The Government has said it will ensure that men and women found guilty of incest are treated equally in law when new sexual offences laws are published later this year.

Currently a woman found guilty of incest can be sentenced to a maximum of seven years in jail, while a man can be sentenced to life in prison.

Reform Alliance TD Denis Naughten has brought a bill before the Dáil to change the law in the wake of the Roscommon incest case.

In the only case of its kind in the history of the state, a woman was jailed in 2009 for seven years after she was convicted of 10 counts of incest, sexual abuse and neglect of her children.

"This discrepancy (in sentencing between men and women) came to the fore during the sentencing of a woman in January 2009 who was convicted of incest and sentenced to the maximum seven years by Roscommon Circuit Court," Deputy Naughten said on his website.

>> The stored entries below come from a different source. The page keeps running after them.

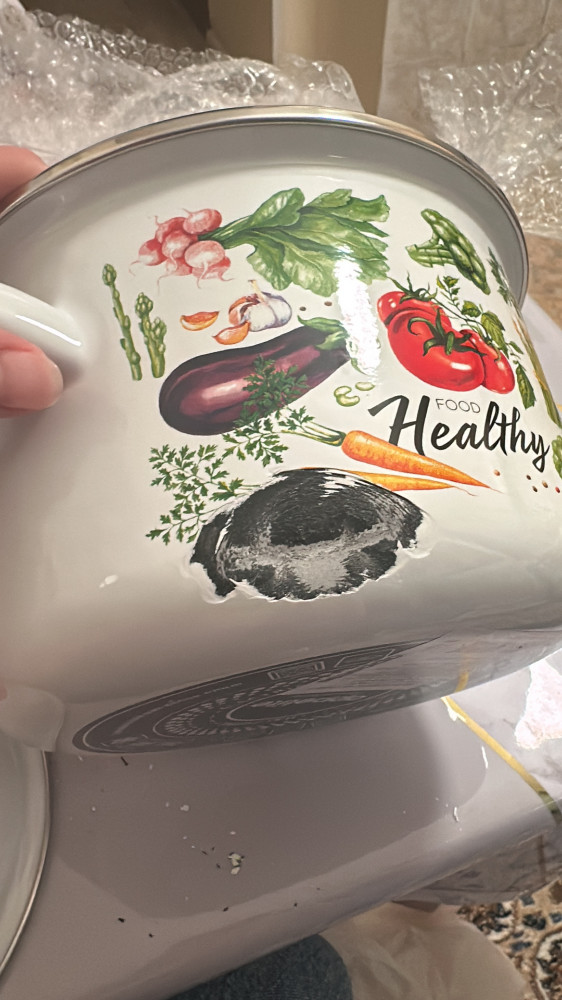 Кастрюля пришла бракованная, с большой вмятиной и отколотой эмалью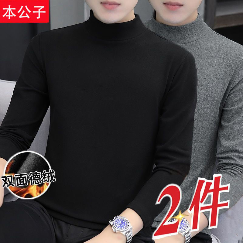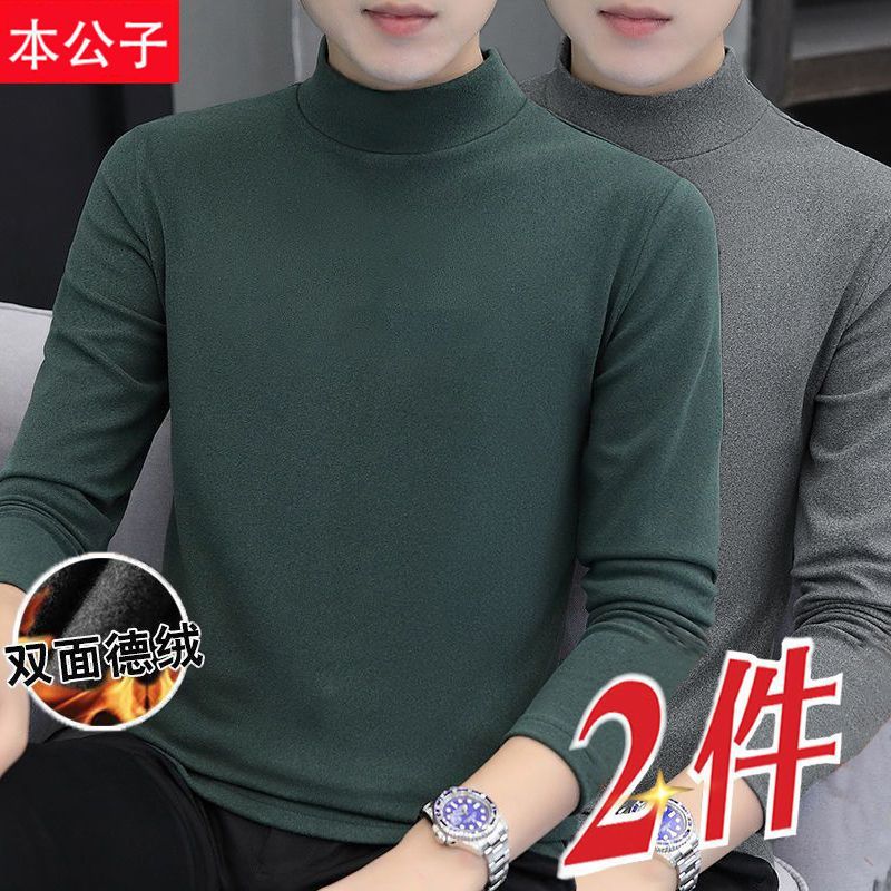 | nameOriginal | Autumn and winter double-sided velvet new fleece-lined base coat semi-high collar men's cold loose long sleeve shirt 1/2 |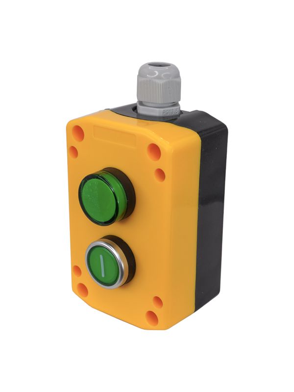 ПКУ22-21V1B-65У1, 1 зелёный цилиндр "I" (НО) , лампа зелёная 24В AC/DC, пост управления, IP65 (ЭТ)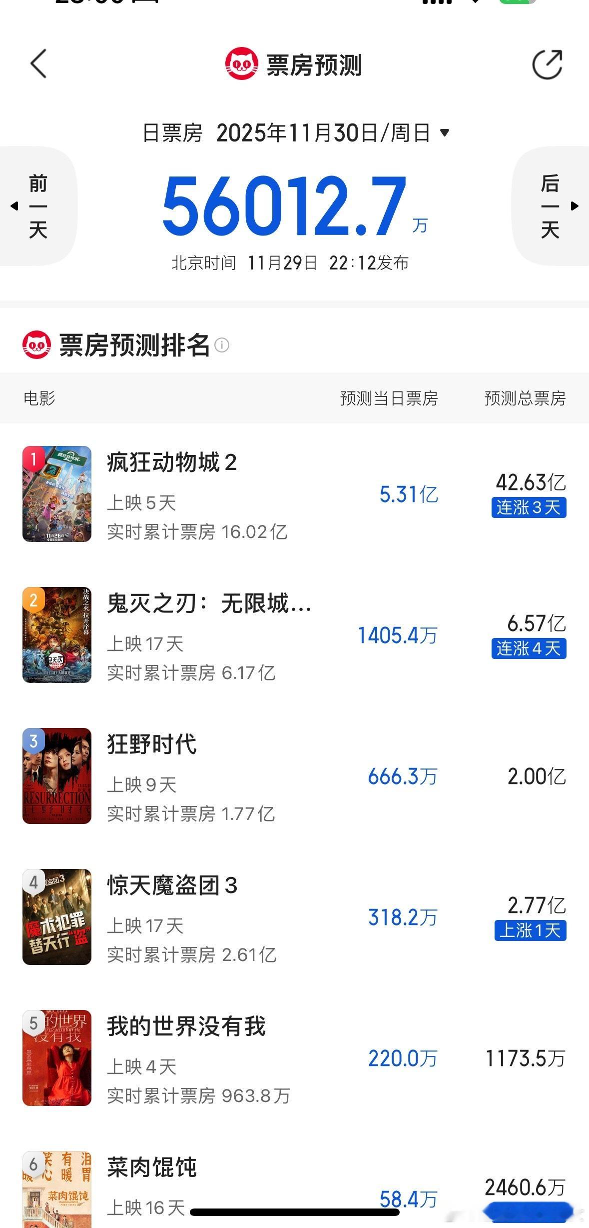 疯狂动物城2当日票房7亿多,预测票房大涨至42.63 亿,应该超过复联4,进口片史冠了。电影冷的不是档期,用心做电影作品观众自会买单啊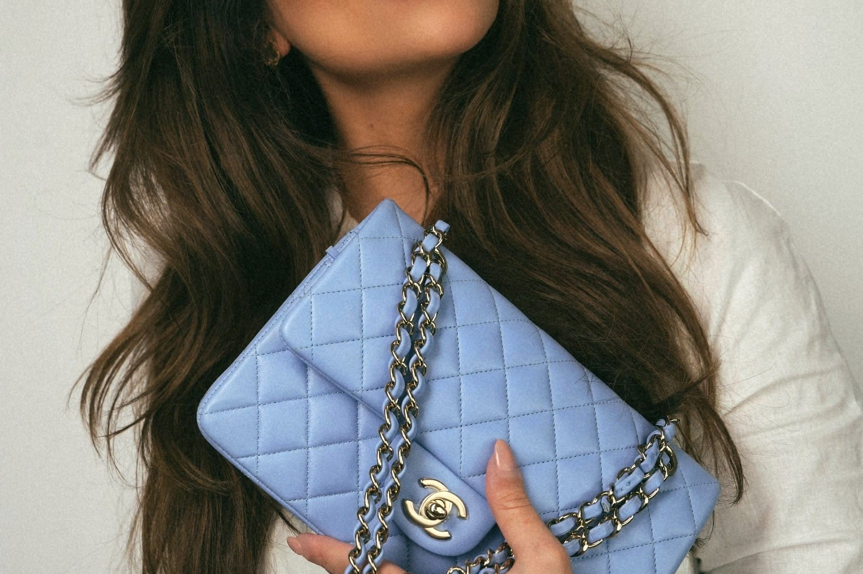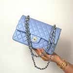 21C Sky Blue Lambskin Quilted Mini Rectangular Flap Light Gold Hardware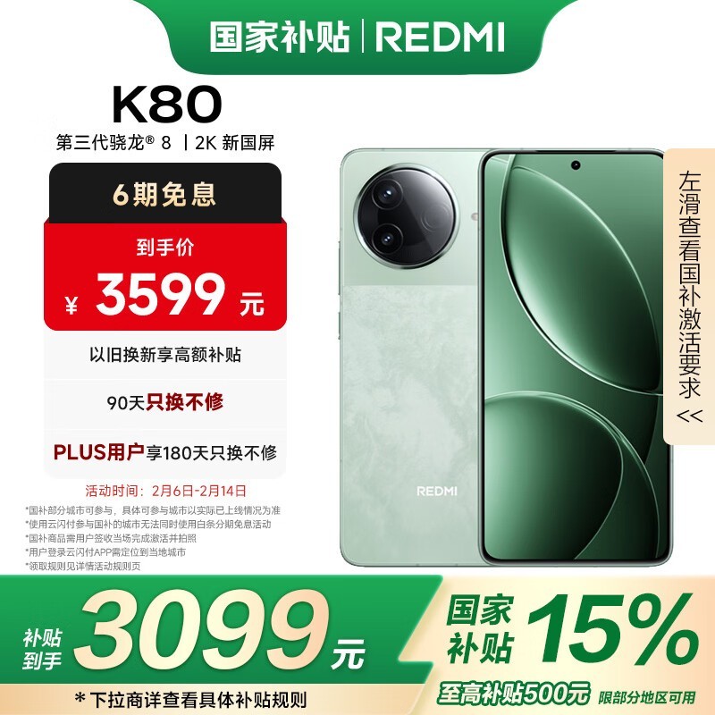 红米K80 5G手机限时抢购价3049元 16GB+1TB存储组合

"At the time the judge in that case pointed to the need for legislative intervention to remedy this discrepancy and there was a public call from legal experts to have equal sentencing for men and women convicted of incest...The purpose of this Bill is to do exactly that and to have the option of life imprisonment open to judges upon conviction of either a male or female."

Justice Minister Alan Shatter said that, while he is not opposing Deputy Naughten's bill at this stage, he will not allow it to pass into law as the incest laws as a whole need to be strengthened, and the sentencing discrepancy will be addressed as part of his own planned reforms by the end of the year.

"Prohibited relationships for the purposes of incest offences are based on a close degree of blood relationship and incestuous acts (under the Punishment of Incest Act of 1908) are limited to sexual intercourse," he said.

"So any other sexual interference of any nature by a parent or a very close relation of the child's does not (currently) fall under the offence of incest."

Minister Shatter said the new laws on sexual offences will tackle abuse by adoptive and foster parents and the by partner of a parent.